(Records from a data collection)
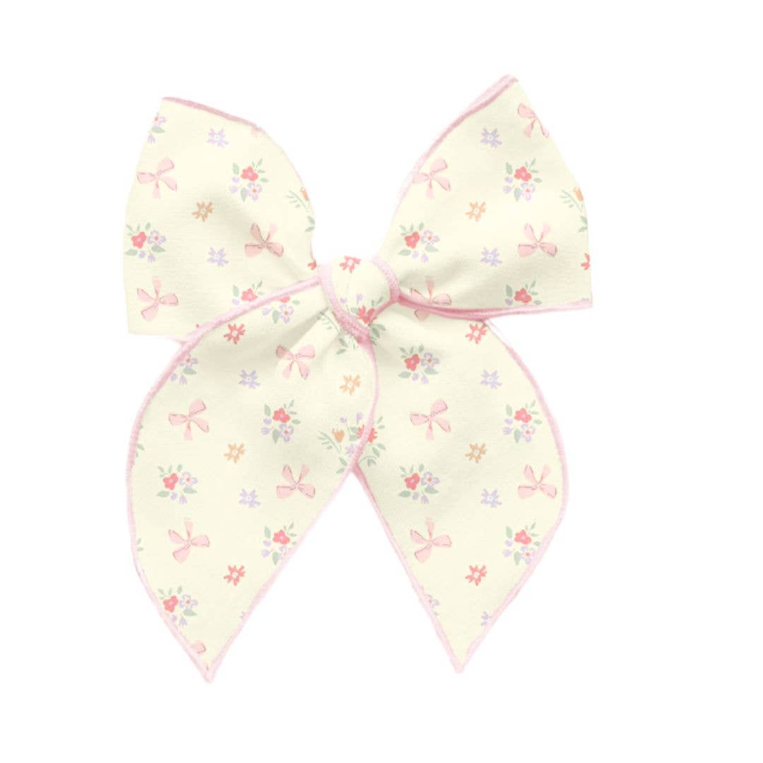 - Pastel yellow bow with a multicolor floral and bow print pattern
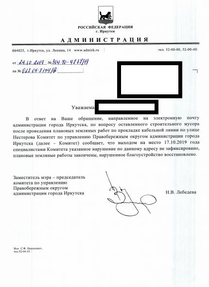 айГражданинОтправлено 14.10.2019: "Администрация города Иркутска"
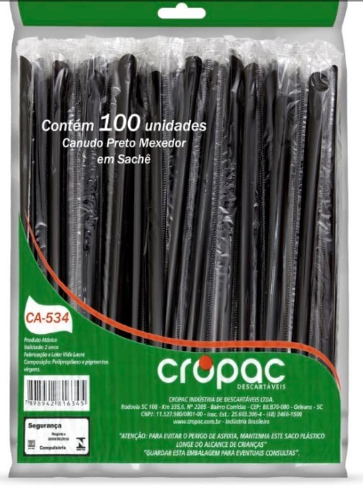 canudo biodegradável da marca Cropac, vendido em embalagem com 100 unidades.
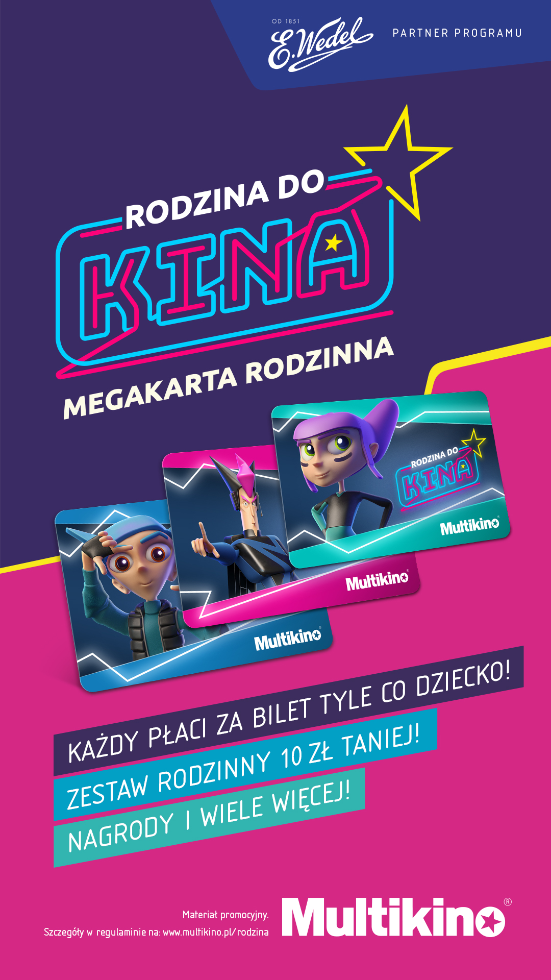 Najnowsza oferta Multikina dedykowana rodzinom Rodzina do Kina gwarantuje tańsze bilety, zestawy barowe i gadżety filmowe w promocyjnych cenach, a do tego program lojalnościowy. Dzięki niej wyjście do kina w rodzinnym gronie stanie się jeszcze bardziej atrakcyjne i opłacalne. Więcej informacji na temat samej akcji znajduje się na stronie.
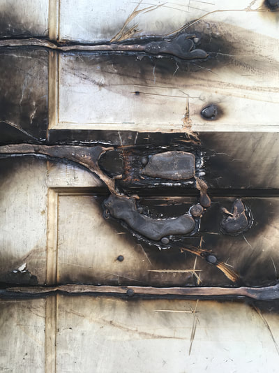 I finished casting a selection of objects taken out of the sculptures made during the exhibition, and worked on the three doors to bring attention to the bronze in alternative ways, developing each one in a different direction; Door 1, I simply polished the bronze and left it in place in the carvings; Door 2, I again polished the bronze slightly and placed each piece below the carved marks, displaying simultaneously the charred shape of the carved ‘mould’ and the cast bronze; Door 3, I worked with the shape of the burns and the bronze and turned it into a landscape painting based on Bristol. I returned to the Gallery Space at the Island and held a final exhibition, displaying the initial collaborative sculptures with the bronze incorporated within them, the doors, and a gallery of images taken throughout the project, alongside photos I took of bronze casting process in Nepal and India.
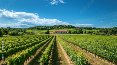 picturesque vineyard with rows of grapevines under clear blue sky, distant farmhouse nestled among rolling hills, and lush greenery surrounding area
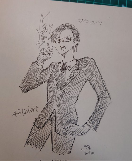 のろのろ進行でやっています… day2.スーツ 「細身のスーツに髪型は七三‼️ルックスに騙されてナメてかかると悲惨‼️🐰🚬」 ヒョォ!イルマティック入間銃兎!! 細身のスーツだけど警察官だからちょっとガタイいいの良… 画材 ハイテック0.4ミリ #inktober #inktober2021
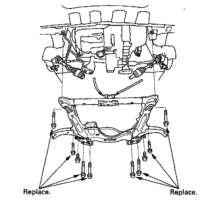 58. Slowly lower the engine/transmission assembly about 150 mm (6 in.). Check once again that all hoses and electrical wiring are disconnected and free from the engine/transmission, then lower it all the way.

• WORK REQUEST: Every record above must reappear exactly in the answer, minus its pictures.

• EXERCISE RESPONSE:
 - Pastel yellow bow with a multicolor floral and bow print pattern
 айГражданинОтправлено 14.10.2019: "Администрация города Иркутска"
 canudo biodegradável da marca Cropac, vendido em embalagem com 100 unidades.
 Najnowsza oferta Multikina dedykowana rodzinom Rodzina do Kina gwarantuje tańsze bilety, zestawy barowe i gadżety filmowe w promocyjnych cenach, a do tego program lojalnościowy. Dzięki niej wyjście do kina w rodzinnym gronie stanie się jeszcze bardziej atrakcyjne i opłacalne. Więcej informacji na temat samej akcji znajduje się na stronie.
 I finished casting a selection of objects taken out of the sculptures made during the exhibition, and worked on the three doors to bring attention to the bronze in alternative ways, developing each one in a different direction; Door 1, I simply polished the bronze and left it in place in the carvings; Door 2, I again polished the bronze slightly and placed each piece below the carved marks, displaying simultaneously the charred shape of the carved ‘mould’ and the cast bronze; Door 3, I worked with the shape of the burns and the bronze and turned it into a landscape painting based on Bristol. I returned to the Gallery Space at the Island and held a final exhibition, displaying the initial collaborative sculptures with the bronze incorporated within them, the doors, and a gallery of images taken throughout the project, alongside photos I took of bronze casting process in Nepal and India.
 picturesque vineyard with rows of grapevines under clear blue sky, distant farmhouse nestled among rolling hills, and lush greenery surrounding area
 のろのろ進行でやっています… day2.スーツ 「細身のスーツに髪型は七三‼️ルックスに騙されてナメてかかると悲惨‼️🐰🚬」 ヒョォ!イルマティック入間銃兎!! 細身のスーツだけど警察官だからちょっとガタイいいの良… 画材 ハイテック0.4ミリ #inktober #inktober2021
 58. Slowly lower the engine/transmission assembly about 150 mm (6 in.). Check once again that all hoses and electrical wiring are disconnected and free from the engine/transmission, then lower it all the way.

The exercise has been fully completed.